Minimal Implementation Shape¶
The implementation is additive. Existing sb chat, task planning, background sessions, and policy flows remain compatible. New contracts and commands sit beside the existing runtime so the system can migrate gradually toward the standard lifecycle:
Deterministic task graphs now synthesize artifact validation checks when completed step outputs or declared output metadata are available. sb verify still treats truly empty plans as unverified instead of claiming success.
Rollout Plan¶
- Keep the current task graph and background-session stores as the source of operational truth.
- Use the new agent-run contracts as portable read/write envelopes at runtime boundaries.
- Attach richer verification plans to additional domain-specific task templates as those surfaces expose artifact metadata.
- Continue expanding checkpoint hooks from known file-mutation tools into broader task execution loops where state restore semantics are explicit.
- Keep promoting subagent outputs through compressed findings only, with explicit source paths and verification status.

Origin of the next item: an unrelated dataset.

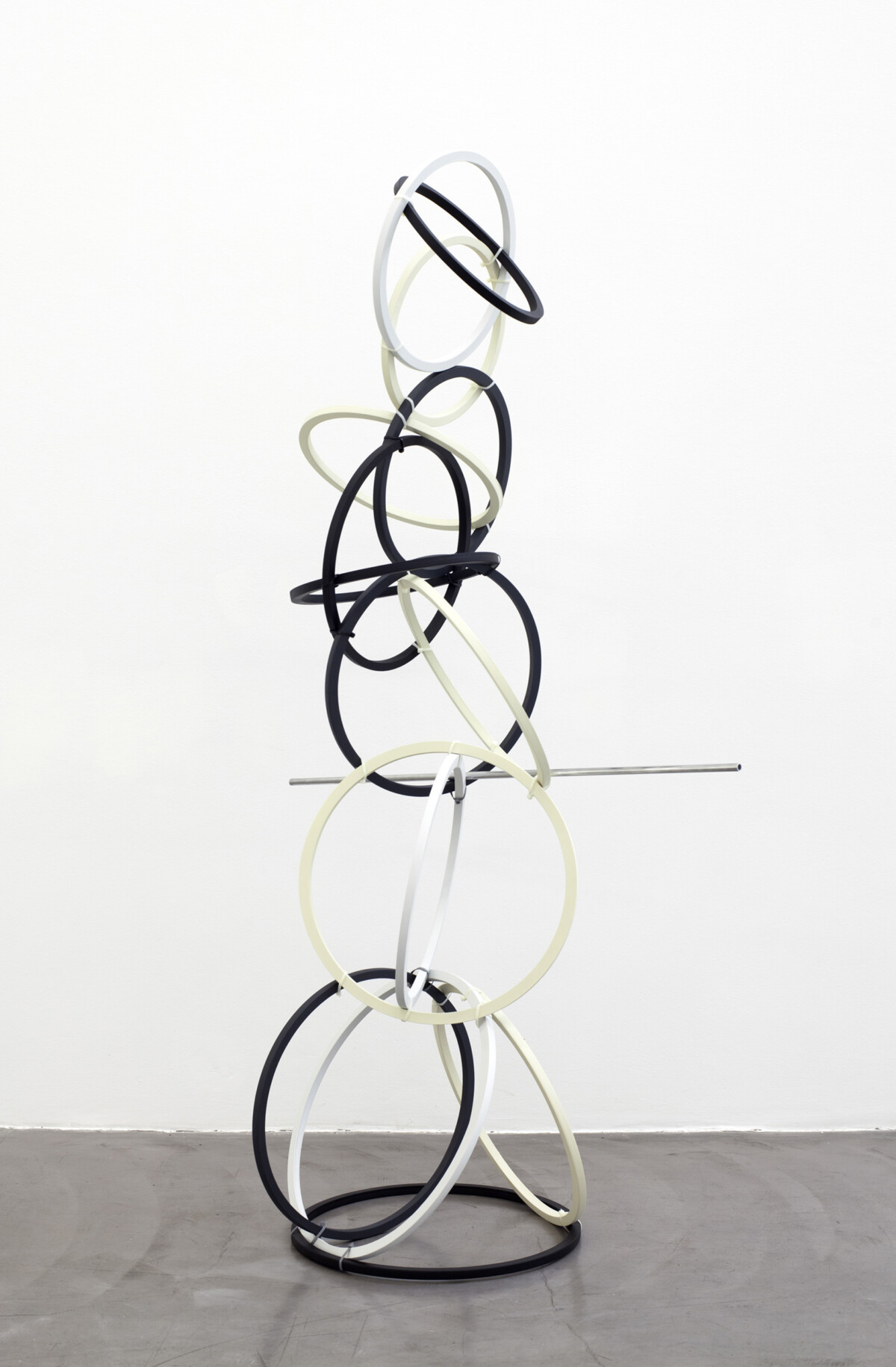 2017 Hoops, aluminum rods, wood and plastic seals 100 x 186 cm

- Use context-budget rank hints as the first retrieval-feedback path, then broaden into memory-curation workflows.
Remaining Follow-Up¶
- No open implementation gap is tracked for this rollout. Future expansion should stay conservative: add new checkpoint scopes, artifact validators, or context-pruning actions only when the affected state has explicit restore or audit semantics.